Cybercriminals who hacked Texas-based software maker SolarWinds conducted a mock attack last year to test their capabilities. They began distributing third-party files from SolarWinds networks back in October 2019 – five months before victims downloaded malicious updates for the Orion platform. These files were sent on October 10 and did not contain any backdoors.
A source close to the investigation told Yahoo News that the cybercriminals wanted to test whether their chosen method of attack would work and be able to “crank” it unnoticed.
“They were in no hurry. They decided not to use the backdoor right away. This means that they have become a little more disciplined and aware, ”the source said.

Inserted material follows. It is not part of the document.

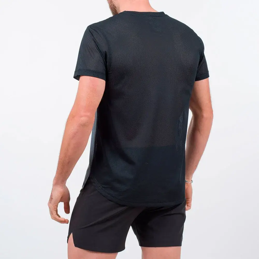 Техническая футболка для бега и мультиспорта в двухцветном черном цвете.

In October, files were found on several victims’ systems, but investigators saw no further malicious activity. However, five months later, hackers downloaded additional malicious files to SolarWinds update servers, which then entered the systems of government agencies and other organizations. These files installed a backdoor that allows attackers to gain access to attacked systems. Once inside the infected network, hackers could use SolarWinds software to learn about the structure of the network or change the configuration of network systems. In addition, they could hack into other systems on the network and download new malicious files.
The first information security company FireEye reported on the hacking of its systems on December 8 this year. However, the new 2019 file information expands on the previously presented intrusion schedule and indicates that hackers hacked into SolarWinds’ software update system at least five months earlier than anticipated.

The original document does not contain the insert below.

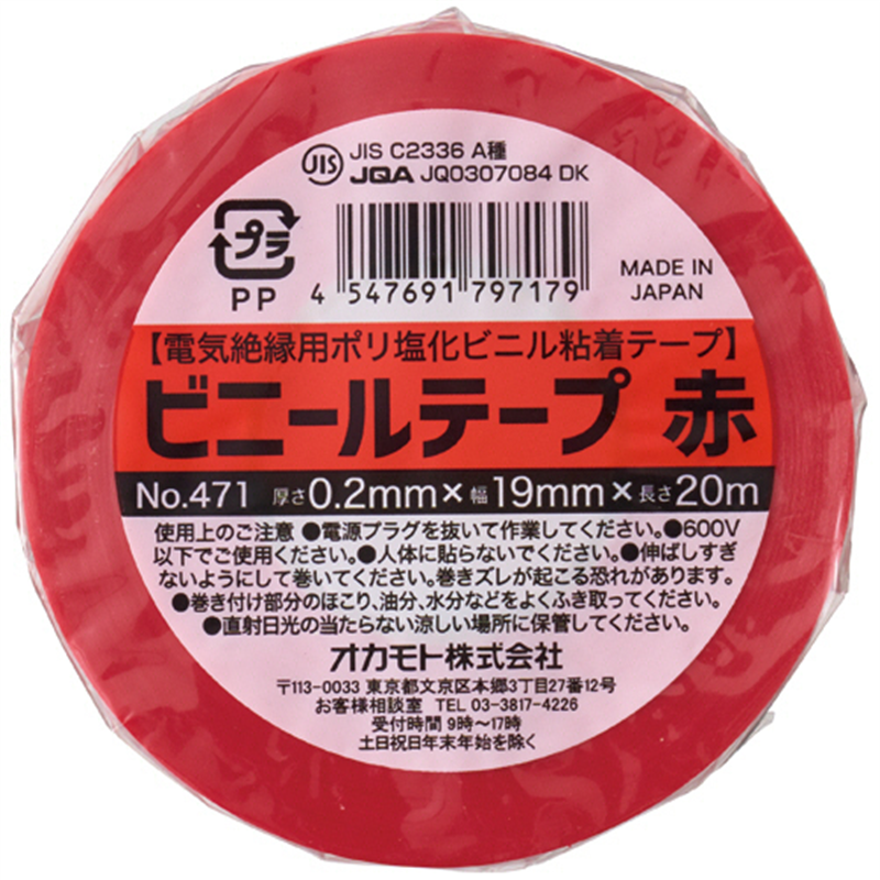 オカモト ビニールテープ No.471 19mm×20m 赤 1巻(ご注文単位1巻)【直送品】

“This indicates that attackers had access to the SolarWinds environment not only this year, but much earlier. We know they had access at least October 10, 2019. But they certainly had to get access earlier. Thus, the attack (on SolarWinds – ed.) Should have happened at least a couple of months before that – possibly in mid-2019, ”- the source.
The 2019 files were signed with a legitimate SolarWinds digital certificate and looked like the original Orion Platform code. Like the files with the backdoor released in 2020, the files without the backdoor in 2019 were compiled on the day they were sent to victims, and infect clients within hours, and in some cases even minutes after compilation.